At least here in MN, most coaches are not morons. They are actually pretty talented. People move from all over the fucking country to wrestle at Apple Valley High School. Look it up. We are surrounded by incredible coaching.
So, the first question is have you been certified to wrestle that weight? I would be surprised if you have this early in the season and if not, it’s not yet a target for you.
Additionally, compound movements are the key. Upper back strength in the horizontal plane is a big deal. We would usually have our wrestlers who trained with us for PL go to 2X week and they would do all three lifts (sq, bench and dl) the same day. Our goal was to maintain. Never to increase. If you can maintain strength under those circumstances you are doing real well. If you are not, (and this is the likely circumstance) the total training volume is too high and you need to reevaluate and back off. More is less right now.

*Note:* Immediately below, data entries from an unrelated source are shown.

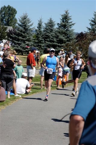 Comments: The start was uphill (ugh!) and people were weaving around. I remembered to put the bike in the right gear to start, but I can't do the running start and I couldn't get my foot clipped in. In my old MTB shoes, I would start riding and clip in when I got the chance, in the tri shoes I don't have that option as they slip off the pedals. Slipped off once and jarred everything including my fillings, but clipped in the second time. Heard the club yelling again (thanks guys!) and was off. I had an awesome bike ride! Got passed by only two people who I then passed back and didn't see again. I was continuously passing people - one of the advantages of starting last, being a slow swimmer and being fairly strong on the bike. :) I moved from 64th place to 39th place overall in this portion. I have to enjoy this during the bike leg 'cause I lose all advantage on the run. :) The biggest problem for me was that people were not riding to the right. There were multiple people ignoring the wide bike lane and riding on the road, which was NOT closed to traffic. I only passed on the left, but had to go way wide in a lot of cases. They'll need to remind the riders in the pre-race meeting next year. I stayed aero most of the time (I have a roadbike with clip-ons) except for climbing, when I had to sit up a bit. Rode hard but managed to stop short of blowing up a couple of times. Best race ride to date! What would you do differently?: Figure out how to get clipped in quicker.  Transition 2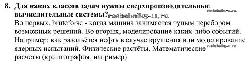 Готовая домашняя работа с ответами по Информатике за 10 класс Семакин, Хеннер, Шеина Учебник Базовый уровень Бином 2017 ФГОС - §11. Информационные процессы в компьютере 8
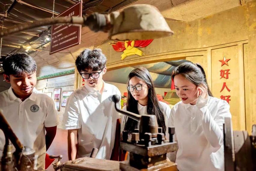 前期筹备阶段,团队与沂蒙当地对接规划研学路线,以孟良崮战役纪念馆、沂蒙革命纪念馆为核心,开展行前培训解读沂蒙精神与“红嫂”贡献,为各小组布置专项任务。研学途中,成员深入 9381 军工洞博物馆,在讲解员引导下参观生产车间、设备遗迹,聆听建设者艰苦创业的感人事迹;走访老战士收集口述历史,走进红准星科技产业园,将专业知识与乡村振兴实践相结合。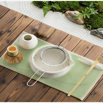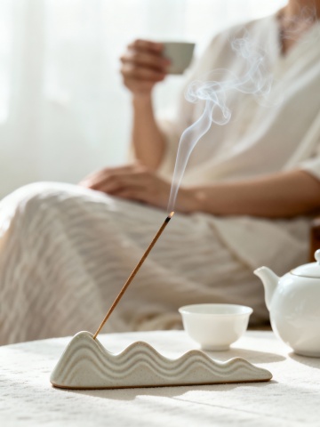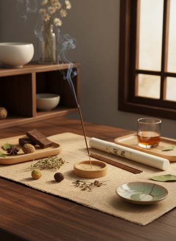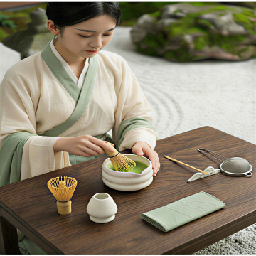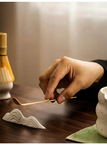 水墨山水屏风映衬青瓷茶杯,木雕托盘与干茶叶点缀,静谧质朴中透出古典中式韵味,实景质感十足。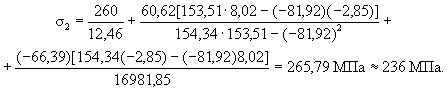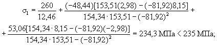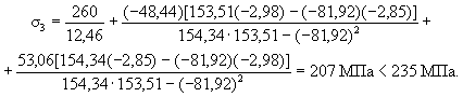 Точка 3. Нормальные напряжения σ3 определяются по формуле (49) при My = 0 и y = bsin 36° = 0,362×0,5878 = 0,213: σ3 = 53,90/(1,882×10-2) + 711,29×0,213/(1,276×10-3) = 1,474×105 кН/м2 = 147,4 МПа < 235 МПа. Касательные напряжения τ3 определяются по формуле (53) при Qx = 0, коэффициент ky3 - из третьей строки табл. 12. τ3 = 0,851×33,54(0,362)2/(1,276×10-3) = 2931 кН/м2 = 2,931 МПа. Проверим прочность по формуле (54): 2,931 МПа < 135 МПа;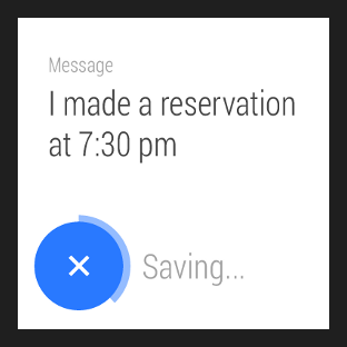 Android Wear应用中的确认界面(Confirmations)通常是全屏或者相比于手持应用占更大的部分。这样确保用户可以一眼看到确认界面(confirmations)且有一个足够大的触摸区域用于取消一个操作。

BTW, we had 2 guys who trained with us who were rope climbing and rope running animals (overhead rope strand exercises for reps) and they just pulled and squatted 2X per week both on the same day. No additional upper body work.
The reality of things is it is real easy to underestimate the amount of work your body is getting at practice. Moving weight around and moving bodies around are 2 different things and involve different muscles. It’s like when all us meat heads would show up to move furniture in the summer (this was my college summer job). The vets would laugh at us as it took 2 weeks to get our ‘moving muscles’ going again (largely a conditioning issue).
Train for strength in the off season, train your sport in season. The best you can typically do is maintain the strength gains you made. In particular in a weight driven sport like wrestling[/quote]
Yeah, I thought everyone realized this this is still the offseason wrestling will not start until November 28th. I wanted to start dieting down early to make the slot efficiently and not have to cut water weight the day before a match. Last season cutting water weight left me drained and exhausted, I had lost too much strength that way. This year I planned on starting in September to cut down using a diet rather than the night before a match in theory saving myself as much strength as possible. This sound correct?